[Information supplied — start]

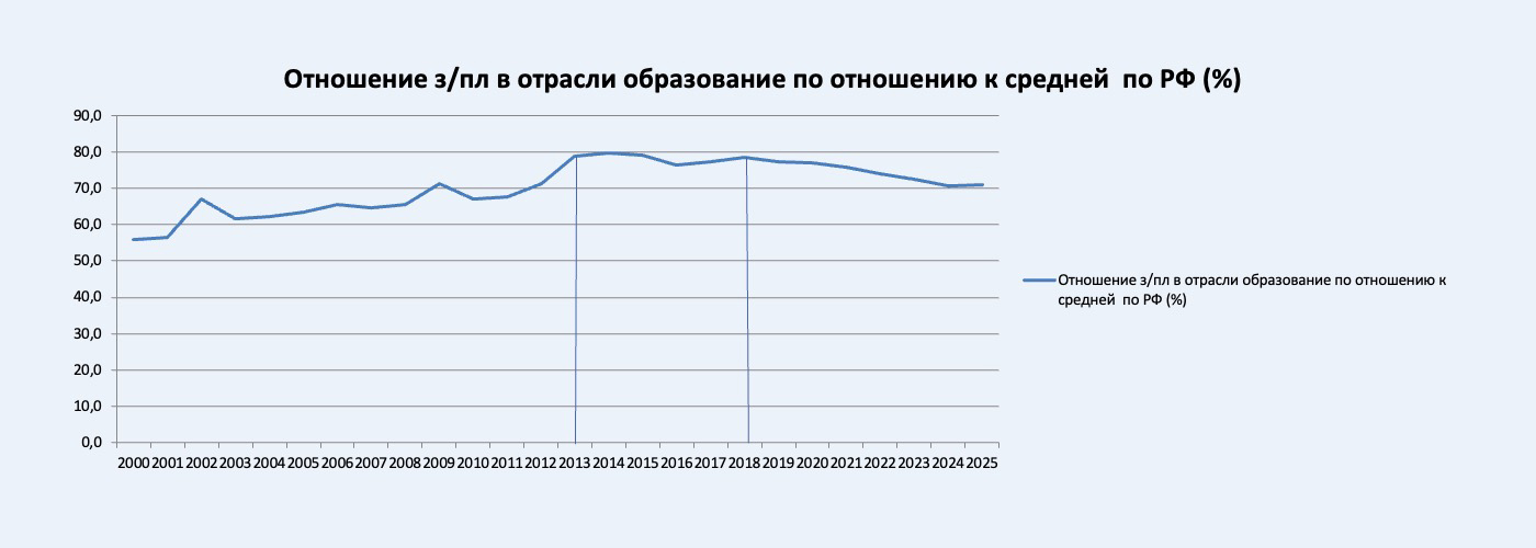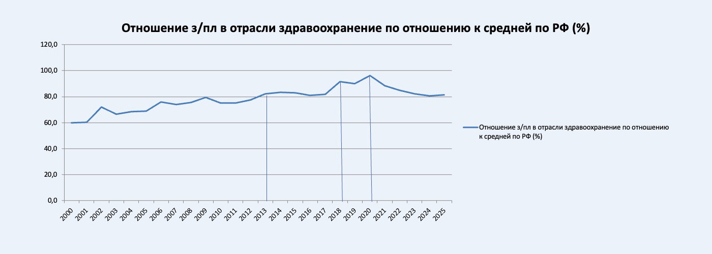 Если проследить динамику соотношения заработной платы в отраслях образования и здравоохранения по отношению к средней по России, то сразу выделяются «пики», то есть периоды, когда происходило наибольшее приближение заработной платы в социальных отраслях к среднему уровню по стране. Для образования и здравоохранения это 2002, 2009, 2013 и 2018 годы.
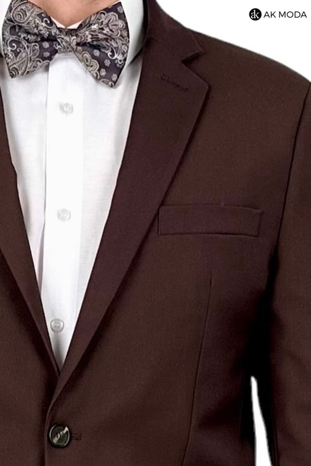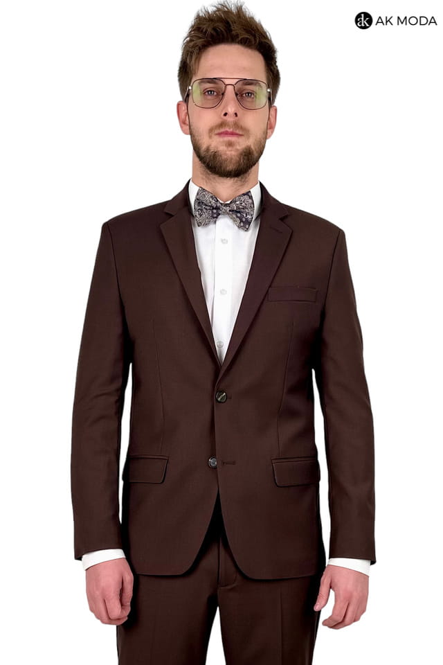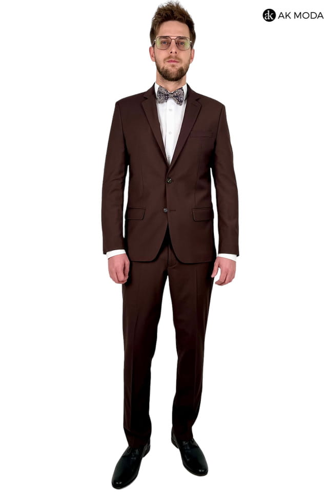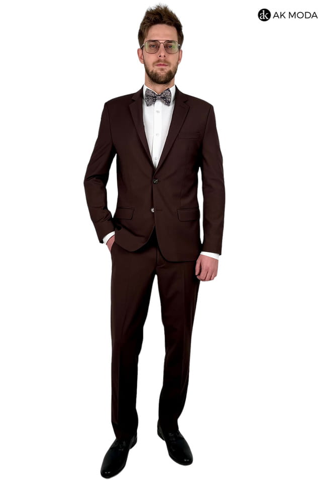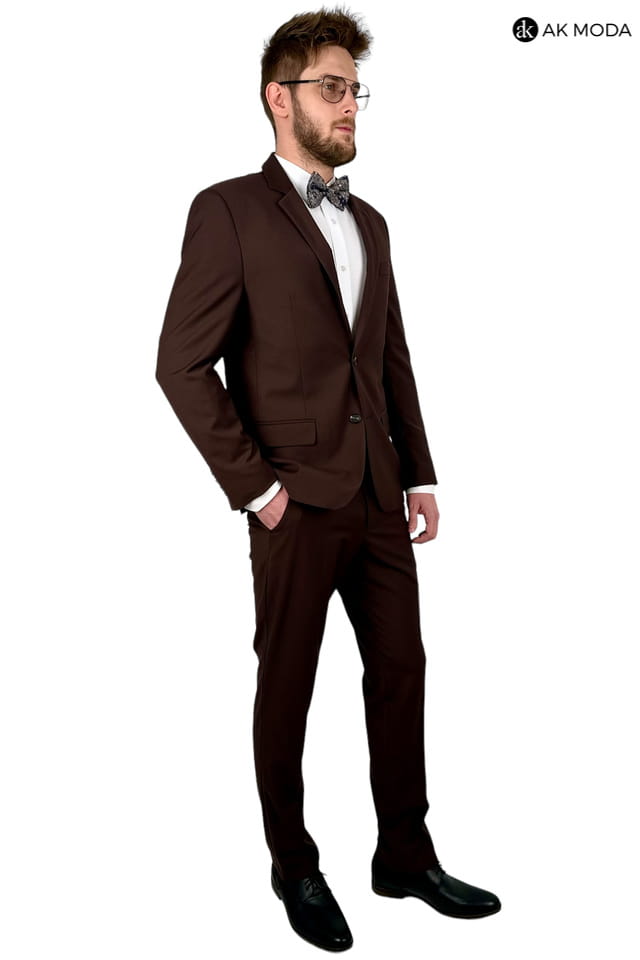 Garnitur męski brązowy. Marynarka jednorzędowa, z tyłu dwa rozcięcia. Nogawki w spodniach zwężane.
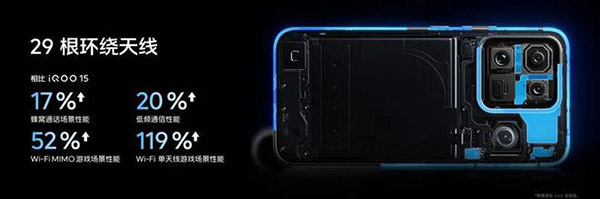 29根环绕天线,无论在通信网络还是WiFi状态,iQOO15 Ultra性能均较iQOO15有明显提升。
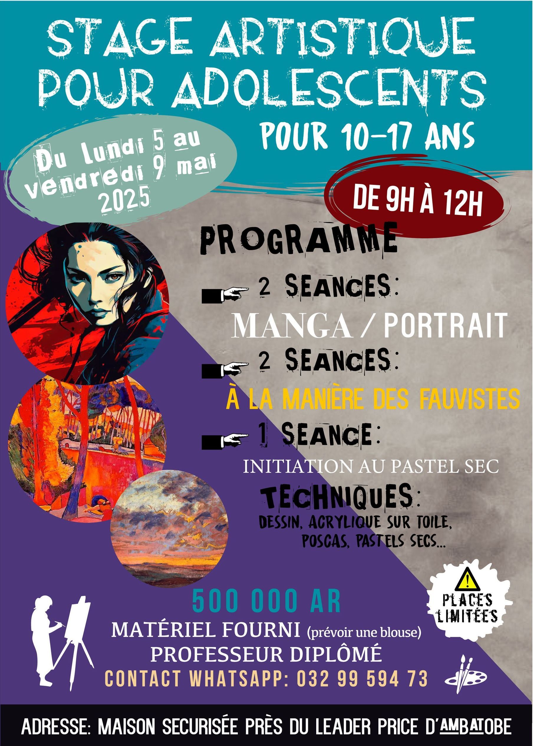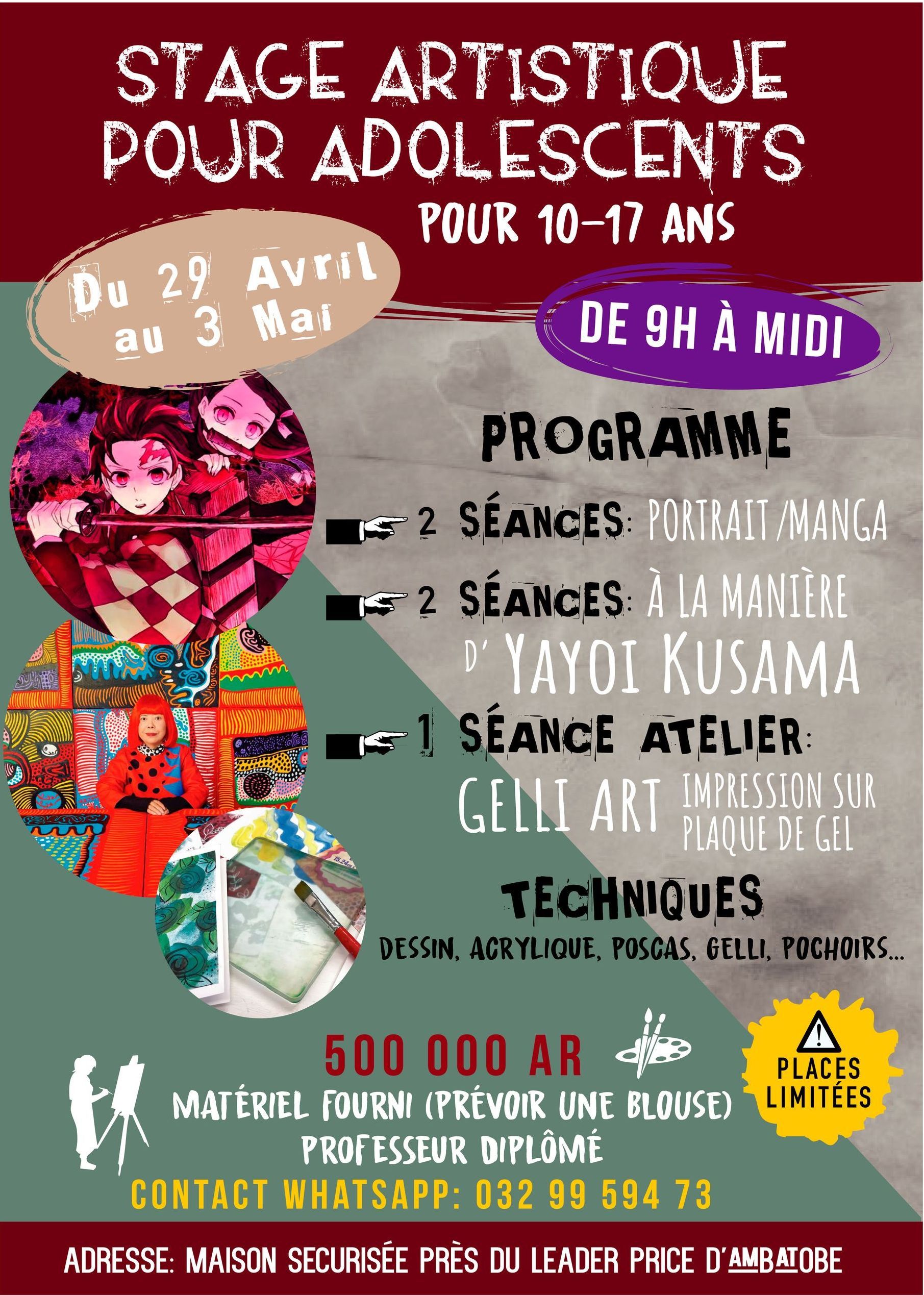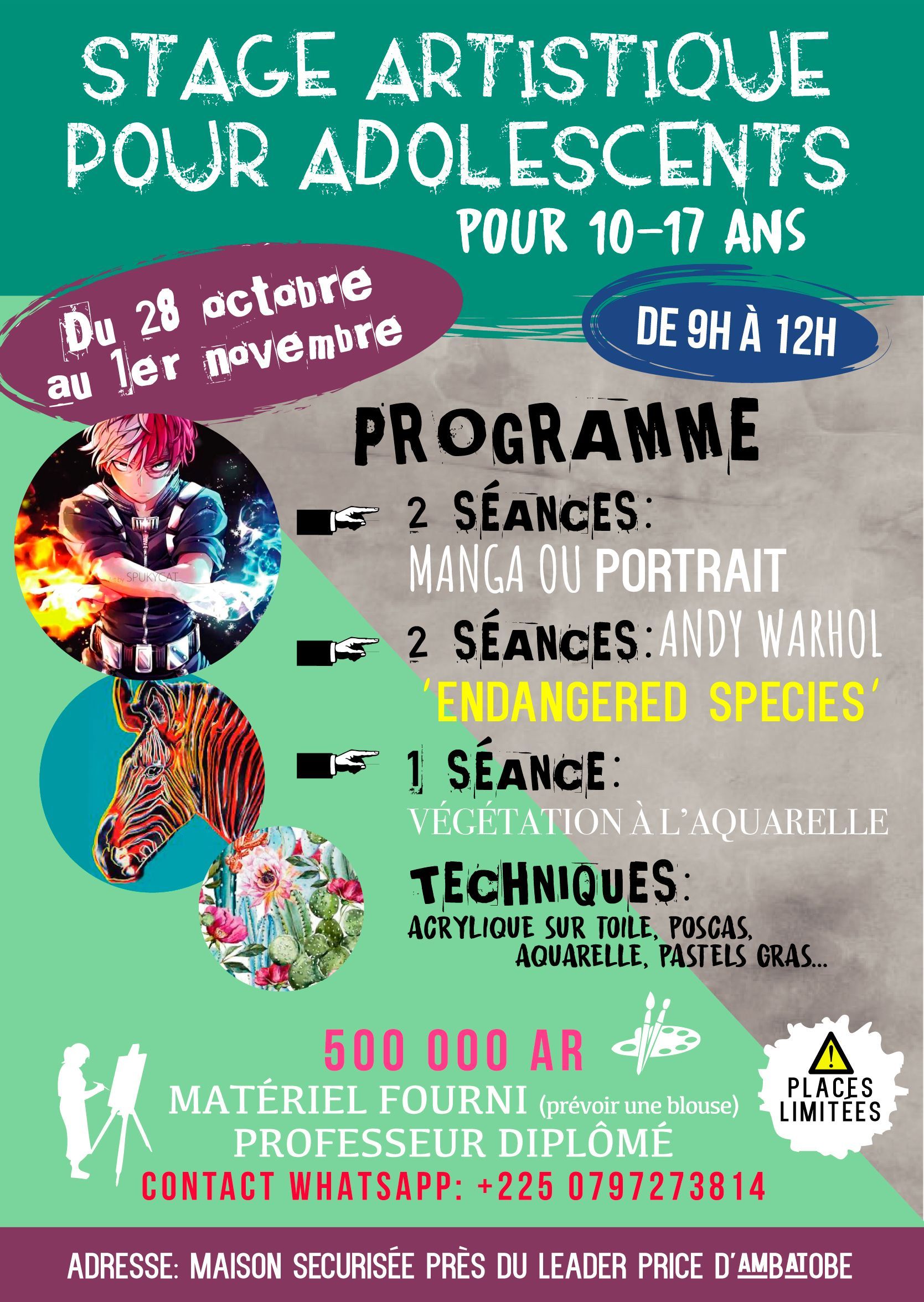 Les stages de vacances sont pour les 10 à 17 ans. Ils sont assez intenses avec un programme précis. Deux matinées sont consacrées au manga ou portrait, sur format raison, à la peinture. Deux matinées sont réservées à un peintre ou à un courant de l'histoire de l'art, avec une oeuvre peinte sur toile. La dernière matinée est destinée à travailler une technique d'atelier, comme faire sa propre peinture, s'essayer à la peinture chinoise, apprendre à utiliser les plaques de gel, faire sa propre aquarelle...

[Information supplied — finish]

**What to do:** Word-for-word restatement: every line from the one with "29根环绕天线,无论在通信网" through the final line of the data, both ends included, pictures excluded.

**Exercise result:**
 29根环绕天线,无论在通信网络还是WiFi状态,iQOO15 Ultra性能均较iQOO15有明显提升。
 Les stages de vacances sont pour les 10 à 17 ans. Ils sont assez intenses avec un programme précis. Deux matinées sont consacrées au manga ou portrait, sur format raison, à la peinture. Deux matinées sont réservées à un peintre ou à un courant de l'histoire de l'art, avec une oeuvre peinte sur toile. La dernière matinée est destinée à travailler une technique d'atelier, comme faire sa propre peinture, s'essayer à la peinture chinoise, apprendre à utiliser les plaques de gel, faire sa propre aquarelle...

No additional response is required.